RSNA Breast Cancer Detection - Project Report

Alexandr Yermakov & Duc Do - USRA 2025

Supervisor: Dr. Carson Leung

Database and Data Mining Lab - University of Manitoba

1. Overview

The RSNA Breast Cancer Detection dataset contains 54,706 DICOM mammograms from 11,913 patients, along with metadata about each patient and scan. Among these, only 1,158 scans (approximately 2%) were identified as containing cancer, distributed across 486 patients.

The main goal of this project is to identify cases of breast cancer. Our initial objective was to build a machine learning pipeline that achieves good performance metrics. We focused on experimenting with different deep learning architectures such as ViT, ResNet50, and EfficientNetB0, and on trying several augmentation and regularization techniques. However, I later realized that this should not have been our main focus, and that our approach should have been different (more on this later).

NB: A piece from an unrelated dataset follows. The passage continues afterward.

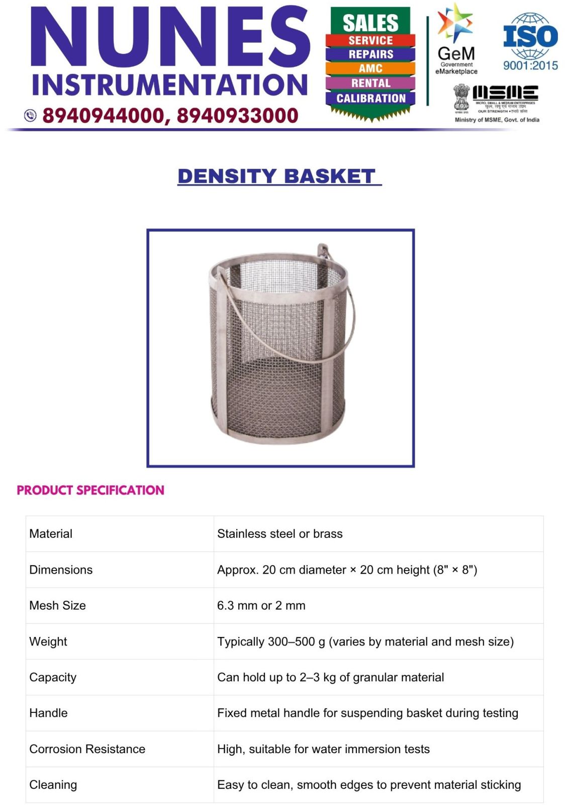 The Density Basket is a laboratory accessory designed for measuring the density and specific gravity of granular materials or aggregates. Constructed from stainless steel or brass, it ensures durability and resistance to corrosion, making it suitable for repeated use in laboratory and field conditions.

As seen from the dataset, the data is highly imbalanced for a binary classification task. To address this, we tried several techniques including oversampling, weighted sampling, and the use of external data. Moreover, cancer tumors are often not visible in many scans (especially at early stages), which makes this dataset particularly difficult. On the competition leaderboard, the top pF1 score was only around 0.55.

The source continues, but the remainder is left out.